Artinya, narasi sejarah harus memberi tempat bagi kelompok-kelompok yang selama ini terpinggirkan, seperti masyarakat adat, perempuan, minoritas, dan komunitas lokal, yang kontribusinya sering diabaikan.

Dengan cara ini, sejarah bukan sekadar karya ilmiah, tetapi juga sarana rekonsiliasi memori kolektif dan pembentukan masa depan yang lebih setara.

Di tengah perubahan besar abad ke-21, mulai dari derasnya arus globalisasi, kebangkitan identitas lokal, hingga transformasi teknologi digital, penulisan Sejarah Kebangsaan Indonesia harus mengalami pembaruan.

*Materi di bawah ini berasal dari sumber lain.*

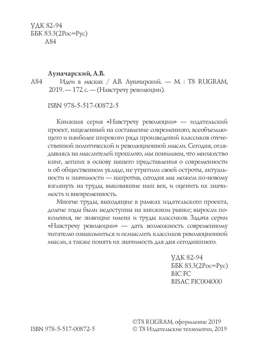 Книжная серия «Навстречу революции» - издательский проект, нацеленный на составление современного, всеобъемлющего и наиболее широкого ряда произведений классиков отечественной политической и революционной мысли. Сегодня, оглядываясь на мыслителей прошлого, мы понимаем, что множество книг, легших в основу нашего представления о современности и об общественном укладе, не утратили своей остроты, актуальности и значимости - напротив, сегодня мы можем по-новому взглянуть на труды, выковавшие наш век, и оценить их значимость и вневременность. Многие труды, выходящие в рамках издательского проекта, долгие годы были недоступны на книжном рынке; выросли поколения, не знающие имена и труды классиков. Задача серии «Навстречу революции» - дать возможность современному читателю ознакомиться и осмыслить классиков революционной мысли, а также понять их значимость для дня сегодняшнего.| Издательство | Т8 RUGRAM |

Hal ini mencakup penguatan pada aspek pengayaan fakta, penggunaan sumber sejarah yang kredibel, dan penyempurnaan metodologis.

Model historiografi lama yang dinilai bersifat sentralistik dan normatif, seperti yang tampak dalam SNI 1975, kini dianggap tidak lagi memadai.

Diperlukan suatu pendekatan baru yang lebih inklusif, multivokal, partisipatif, serta adaptif terhadap ekosistem digital.

Tujuannya adalah menghasilkan narasi sejarah yang mampu merangkul aspirasi lokal, membangun identitas nasional, dan menginternalisasi nilai-nilai global secara bermakna bagi generasi muda.

Karena itu, artikel ini akan fokus pada inovasi metodologi yang bisa dilakukan oleh Tim Penulis Sejarah Kebangsaan Indonesia yang terutama mencakup paling tidak tiga aspek utama: keterbukaan terhadap keberagaman suara (inklusif dan multivokal), penguatan sejarah lokal sebagai fondasi kebangsaan, serta pembentukan narasi yang kritis dan reflektif.

Perspektif inklusif dan multivokal

Tidak bisa dipungkiri bahwa konsep kebangsaan Indonesia memang bukan berwajah monolit tunggal, melainkan lukisan yang terbentuk dari berbagai suara, pengalaman, dan interpretasi yang saling berinteraksi.

Oleh sebab itu, upaya untuk memahami sejarah kebangsaan Indonesia secara inklusif dan multivokal berarti mengakui keragaman narasi, melampaui versi resmi yang secara konvensional selama ini seringkali disederhanakan, dan memberi ruang bagi kelompok serta perspektif yang selama ini merasa terpinggirkan.

Hal ini disasari atas pemikiran sebagaimana yang digagas oleh Anderson mengenai nasionalisme sebagai "komunitas terbayang" yang inklusif (Anderson: 2006).

Anderson berargumen bahwa Nasionalisme Indonesia lahir dari proses membayangkan komunitas bersama yang melampaui ikatan lokal (suku, ras, agama, kelompok) meskipun para anggotanya tidak saling kenal.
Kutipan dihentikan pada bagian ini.